Segment Start: Listed records

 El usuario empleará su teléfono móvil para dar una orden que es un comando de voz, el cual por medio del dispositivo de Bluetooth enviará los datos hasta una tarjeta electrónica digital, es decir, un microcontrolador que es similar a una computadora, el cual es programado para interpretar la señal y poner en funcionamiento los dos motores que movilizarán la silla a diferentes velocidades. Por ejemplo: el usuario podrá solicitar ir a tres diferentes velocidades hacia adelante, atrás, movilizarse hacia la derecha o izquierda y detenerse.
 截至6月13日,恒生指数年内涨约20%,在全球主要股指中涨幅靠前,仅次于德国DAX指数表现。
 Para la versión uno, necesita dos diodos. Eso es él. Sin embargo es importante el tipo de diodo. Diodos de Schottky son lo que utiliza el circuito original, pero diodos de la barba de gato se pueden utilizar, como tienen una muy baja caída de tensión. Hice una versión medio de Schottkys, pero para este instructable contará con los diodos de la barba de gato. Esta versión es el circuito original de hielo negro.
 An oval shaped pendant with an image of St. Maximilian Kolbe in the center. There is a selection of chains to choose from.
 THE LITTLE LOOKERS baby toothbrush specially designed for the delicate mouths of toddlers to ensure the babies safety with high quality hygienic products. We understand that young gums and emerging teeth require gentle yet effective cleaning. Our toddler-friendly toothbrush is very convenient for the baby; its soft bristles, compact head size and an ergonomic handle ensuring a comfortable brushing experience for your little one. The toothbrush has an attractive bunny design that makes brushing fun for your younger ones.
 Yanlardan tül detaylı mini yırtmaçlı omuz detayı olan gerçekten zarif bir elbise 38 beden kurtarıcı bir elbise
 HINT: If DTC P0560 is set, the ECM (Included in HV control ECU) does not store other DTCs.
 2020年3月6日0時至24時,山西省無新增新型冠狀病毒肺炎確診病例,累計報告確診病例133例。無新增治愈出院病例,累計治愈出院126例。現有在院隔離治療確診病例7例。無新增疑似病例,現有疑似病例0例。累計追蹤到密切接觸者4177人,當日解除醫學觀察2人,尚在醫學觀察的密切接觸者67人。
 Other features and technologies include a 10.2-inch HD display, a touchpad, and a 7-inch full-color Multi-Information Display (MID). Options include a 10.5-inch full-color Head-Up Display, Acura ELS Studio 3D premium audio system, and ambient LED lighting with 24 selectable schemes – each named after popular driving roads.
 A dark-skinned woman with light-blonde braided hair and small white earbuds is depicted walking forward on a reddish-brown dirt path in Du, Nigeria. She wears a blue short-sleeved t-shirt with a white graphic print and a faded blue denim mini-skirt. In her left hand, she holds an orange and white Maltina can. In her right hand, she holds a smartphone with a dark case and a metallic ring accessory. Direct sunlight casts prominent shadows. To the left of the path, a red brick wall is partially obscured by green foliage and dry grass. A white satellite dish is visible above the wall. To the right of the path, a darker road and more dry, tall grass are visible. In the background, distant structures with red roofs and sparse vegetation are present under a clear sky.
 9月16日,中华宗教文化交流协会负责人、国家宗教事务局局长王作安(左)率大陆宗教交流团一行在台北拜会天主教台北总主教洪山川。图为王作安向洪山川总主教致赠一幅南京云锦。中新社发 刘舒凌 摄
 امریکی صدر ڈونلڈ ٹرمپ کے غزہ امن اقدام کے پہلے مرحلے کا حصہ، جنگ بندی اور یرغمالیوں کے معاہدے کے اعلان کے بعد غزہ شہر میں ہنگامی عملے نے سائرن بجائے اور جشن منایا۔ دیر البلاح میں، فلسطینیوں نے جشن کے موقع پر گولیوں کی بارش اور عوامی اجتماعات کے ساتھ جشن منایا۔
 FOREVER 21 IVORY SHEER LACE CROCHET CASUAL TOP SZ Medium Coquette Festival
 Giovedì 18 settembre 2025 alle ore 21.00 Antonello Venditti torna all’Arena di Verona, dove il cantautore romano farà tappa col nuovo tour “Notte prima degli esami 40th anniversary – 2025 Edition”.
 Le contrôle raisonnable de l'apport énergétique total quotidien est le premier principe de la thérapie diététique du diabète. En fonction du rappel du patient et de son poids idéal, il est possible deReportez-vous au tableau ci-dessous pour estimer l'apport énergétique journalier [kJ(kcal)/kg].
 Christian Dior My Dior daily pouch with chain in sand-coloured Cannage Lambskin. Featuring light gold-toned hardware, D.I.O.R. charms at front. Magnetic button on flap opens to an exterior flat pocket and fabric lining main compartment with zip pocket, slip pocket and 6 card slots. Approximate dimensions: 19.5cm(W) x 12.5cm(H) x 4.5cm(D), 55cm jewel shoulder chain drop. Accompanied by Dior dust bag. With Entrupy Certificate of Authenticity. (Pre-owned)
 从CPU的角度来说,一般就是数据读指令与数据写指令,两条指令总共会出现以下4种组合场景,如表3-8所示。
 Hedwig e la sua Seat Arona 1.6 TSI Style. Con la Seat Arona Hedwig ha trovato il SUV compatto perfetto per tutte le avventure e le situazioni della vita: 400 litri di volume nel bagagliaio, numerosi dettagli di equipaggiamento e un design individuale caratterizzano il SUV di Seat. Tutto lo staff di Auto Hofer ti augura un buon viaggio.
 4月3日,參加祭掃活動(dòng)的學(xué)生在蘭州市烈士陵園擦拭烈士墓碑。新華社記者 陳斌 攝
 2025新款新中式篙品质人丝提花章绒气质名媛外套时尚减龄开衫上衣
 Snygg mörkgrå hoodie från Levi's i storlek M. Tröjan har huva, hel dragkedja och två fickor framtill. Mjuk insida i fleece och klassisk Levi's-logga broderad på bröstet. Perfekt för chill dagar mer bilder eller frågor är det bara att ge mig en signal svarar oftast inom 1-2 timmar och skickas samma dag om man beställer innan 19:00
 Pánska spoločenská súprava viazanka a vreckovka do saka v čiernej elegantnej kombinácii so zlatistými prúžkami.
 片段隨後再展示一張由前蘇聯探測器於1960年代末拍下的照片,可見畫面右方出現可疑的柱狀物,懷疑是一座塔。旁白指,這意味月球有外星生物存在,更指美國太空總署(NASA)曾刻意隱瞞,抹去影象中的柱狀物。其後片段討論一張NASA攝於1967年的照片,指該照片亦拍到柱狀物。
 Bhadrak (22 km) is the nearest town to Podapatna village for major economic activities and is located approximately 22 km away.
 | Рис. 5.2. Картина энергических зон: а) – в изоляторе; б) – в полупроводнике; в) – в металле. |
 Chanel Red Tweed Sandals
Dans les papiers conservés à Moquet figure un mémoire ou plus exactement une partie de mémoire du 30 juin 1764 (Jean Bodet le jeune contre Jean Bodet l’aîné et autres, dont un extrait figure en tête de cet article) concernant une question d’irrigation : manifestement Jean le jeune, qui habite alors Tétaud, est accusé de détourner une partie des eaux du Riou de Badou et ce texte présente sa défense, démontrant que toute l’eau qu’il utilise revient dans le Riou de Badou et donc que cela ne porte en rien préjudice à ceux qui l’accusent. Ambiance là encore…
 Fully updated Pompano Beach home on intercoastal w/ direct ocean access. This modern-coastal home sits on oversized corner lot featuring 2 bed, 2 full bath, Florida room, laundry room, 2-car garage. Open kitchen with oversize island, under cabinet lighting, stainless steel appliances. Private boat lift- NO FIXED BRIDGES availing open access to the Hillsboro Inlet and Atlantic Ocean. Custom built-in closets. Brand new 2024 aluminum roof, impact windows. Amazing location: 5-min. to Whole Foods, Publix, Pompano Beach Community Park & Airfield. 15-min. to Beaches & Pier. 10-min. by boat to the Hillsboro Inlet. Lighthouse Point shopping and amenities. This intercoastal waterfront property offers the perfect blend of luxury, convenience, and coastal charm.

Segment End: Listed records

## Exercise prompt
The data should be copied out in full, exactly as it reads.

## Written solution
 El usuario empleará su teléfono móvil para dar una orden que es un comando de voz, el cual por medio del dispositivo de Bluetooth enviará los datos hasta una tarjeta electrónica digital, es decir, un microcontrolador que es similar a una computadora, el cual es programado para interpretar la señal y poner en funcionamiento los dos motores que movilizarán la silla a diferentes velocidades. Por ejemplo: el usuario podrá solicitar ir a tres diferentes velocidades hacia adelante, atrás, movilizarse hacia la derecha o izquierda y detenerse.
 截至6月13日,恒生指数年内涨约20%,在全球主要股指中涨幅靠前,仅次于德国DAX指数表现。
 Para la versión uno, necesita dos diodos. Eso es él. Sin embargo es importante el tipo de diodo. Diodos de Schottky son lo que utiliza el circuito original, pero diodos de la barba de gato se pueden utilizar, como tienen una muy baja caída de tensión. Hice una versión medio de Schottkys, pero para este instructable contará con los diodos de la barba de gato. Esta versión es el circuito original de hielo negro.
 An oval shaped pendant with an image of St. Maximilian Kolbe in the center. There is a selection of chains to choose from.
 THE LITTLE LOOKERS baby toothbrush specially designed for the delicate mouths of toddlers to ensure the babies safety with high quality hygienic products. We understand that young gums and emerging teeth require gentle yet effective cleaning. Our toddler-friendly toothbrush is very convenient for the baby; its soft bristles, compact head size and an ergonomic handle ensuring a comfortable brushing experience for your little one. The toothbrush has an attractive bunny design that makes brushing fun for your younger ones.
 Yanlardan tül detaylı mini yırtmaçlı omuz detayı olan gerçekten zarif bir elbise 38 beden kurtarıcı bir elbise
 HINT: If DTC P0560 is set, the ECM (Included in HV control ECU) does not store other DTCs.
 2020年3月6日0時至24時,山西省無新增新型冠狀病毒肺炎確診病例,累計報告確診病例133例。無新增治愈出院病例,累計治愈出院126例。現有在院隔離治療確診病例7例。無新增疑似病例,現有疑似病例0例。累計追蹤到密切接觸者4177人,當日解除醫學觀察2人,尚在醫學觀察的密切接觸者67人。
 Other features and technologies include a 10.2-inch HD display, a touchpad, and a 7-inch full-color Multi-Information Display (MID). Options include a 10.5-inch full-color Head-Up Display, Acura ELS Studio 3D premium audio system, and ambient LED lighting with 24 selectable schemes – each named after popular driving roads.
 A dark-skinned woman with light-blonde braided hair and small white earbuds is depicted walking forward on a reddish-brown dirt path in Du, Nigeria. She wears a blue short-sleeved t-shirt with a white graphic print and a faded blue denim mini-skirt. In her left hand, she holds an orange and white Maltina can. In her right hand, she holds a smartphone with a dark case and a metallic ring accessory. Direct sunlight casts prominent shadows. To the left of the path, a red brick wall is partially obscured by green foliage and dry grass. A white satellite dish is visible above the wall. To the right of the path, a darker road and more dry, tall grass are visible. In the background, distant structures with red roofs and sparse vegetation are present under a clear sky.
 9月16日,中华宗教文化交流协会负责人、国家宗教事务局局长王作安(左)率大陆宗教交流团一行在台北拜会天主教台北总主教洪山川。图为王作安向洪山川总主教致赠一幅南京云锦。中新社发 刘舒凌 摄
 امریکی صدر ڈونلڈ ٹرمپ کے غزہ امن اقدام کے پہلے مرحلے کا حصہ، جنگ بندی اور یرغمالیوں کے معاہدے کے اعلان کے بعد غزہ شہر میں ہنگامی عملے نے سائرن بجائے اور جشن منایا۔ دیر البلاح میں، فلسطینیوں نے جشن کے موقع پر گولیوں کی بارش اور عوامی اجتماعات کے ساتھ جشن منایا۔
 FOREVER 21 IVORY SHEER LACE CROCHET CASUAL TOP SZ Medium Coquette Festival
 Giovedì 18 settembre 2025 alle ore 21.00 Antonello Venditti torna all’Arena di Verona, dove il cantautore romano farà tappa col nuovo tour “Notte prima degli esami 40th anniversary – 2025 Edition”.
 Le contrôle raisonnable de l'apport énergétique total quotidien est le premier principe de la thérapie diététique du diabète. En fonction du rappel du patient et de son poids idéal, il est possible deReportez-vous au tableau ci-dessous pour estimer l'apport énergétique journalier [kJ(kcal)/kg].
 Christian Dior My Dior daily pouch with chain in sand-coloured Cannage Lambskin. Featuring light gold-toned hardware, D.I.O.R. charms at front. Magnetic button on flap opens to an exterior flat pocket and fabric lining main compartment with zip pocket, slip pocket and 6 card slots. Approximate dimensions: 19.5cm(W) x 12.5cm(H) x 4.5cm(D), 55cm jewel shoulder chain drop. Accompanied by Dior dust bag. With Entrupy Certificate of Authenticity. (Pre-owned)
 从CPU的角度来说,一般就是数据读指令与数据写指令,两条指令总共会出现以下4种组合场景,如表3-8所示。
 Hedwig e la sua Seat Arona 1.6 TSI Style. Con la Seat Arona Hedwig ha trovato il SUV compatto perfetto per tutte le avventure e le situazioni della vita: 400 litri di volume nel bagagliaio, numerosi dettagli di equipaggiamento e un design individuale caratterizzano il SUV di Seat. Tutto lo staff di Auto Hofer ti augura un buon viaggio.
 4月3日,參加祭掃活動(dòng)的學(xué)生在蘭州市烈士陵園擦拭烈士墓碑。新華社記者 陳斌 攝
 2025新款新中式篙品质人丝提花章绒气质名媛外套时尚减龄开衫上衣
 Snygg mörkgrå hoodie från Levi's i storlek M. Tröjan har huva, hel dragkedja och två fickor framtill. Mjuk insida i fleece och klassisk Levi's-logga broderad på bröstet. Perfekt för chill dagar mer bilder eller frågor är det bara att ge mig en signal svarar oftast inom 1-2 timmar och skickas samma dag om man beställer innan 19:00
 Pánska spoločenská súprava viazanka a vreckovka do saka v čiernej elegantnej kombinácii so zlatistými prúžkami.
 片段隨後再展示一張由前蘇聯探測器於1960年代末拍下的照片,可見畫面右方出現可疑的柱狀物,懷疑是一座塔。旁白指,這意味月球有外星生物存在,更指美國太空總署(NASA)曾刻意隱瞞,抹去影象中的柱狀物。其後片段討論一張NASA攝於1967年的照片,指該照片亦拍到柱狀物。
 Bhadrak (22 km) is the nearest town to Podapatna village for major economic activities and is located approximately 22 km away.
 | Рис. 5.2. Картина энергических зон: а) – в изоляторе; б) – в полупроводнике; в) – в металле. |
 Chanel Red Tweed Sandals
Dans les papiers conservés à Moquet figure un mémoire ou plus exactement une partie de mémoire du 30 juin 1764 (Jean Bodet le jeune contre Jean Bodet l’aîné et autres, dont un extrait figure en tête de cet article) concernant une question d’irrigation : manifestement Jean le jeune, qui habite alors Tétaud, est accusé de détourner une partie des eaux du Riou de Badou et ce texte présente sa défense, démontrant que toute l’eau qu’il utilise revient dans le Riou de Badou et donc que cela ne porte en rien préjudice à ceux qui l’accusent. Ambiance là encore…
 Fully updated Pompano Beach home on intercoastal w/ direct ocean access. This modern-coastal home sits on oversized corner lot featuring 2 bed, 2 full bath, Florida room, laundry room, 2-car garage. Open kitchen with oversize island, under cabinet lighting, stainless steel appliances. Private boat lift- NO FIXED BRIDGES availing open access to the Hillsboro Inlet and Atlantic Ocean. Custom built-in closets. Brand new 2024 aluminum roof, impact windows. Amazing location: 5-min. to Whole Foods, Publix, Pompano Beach Community Park & Airfield. 15-min. to Beaches & Pier. 10-min. by boat to the Hillsboro Inlet. Lighthouse Point shopping and amenities. This intercoastal waterfront property offers the perfect blend of luxury, convenience, and coastal charm.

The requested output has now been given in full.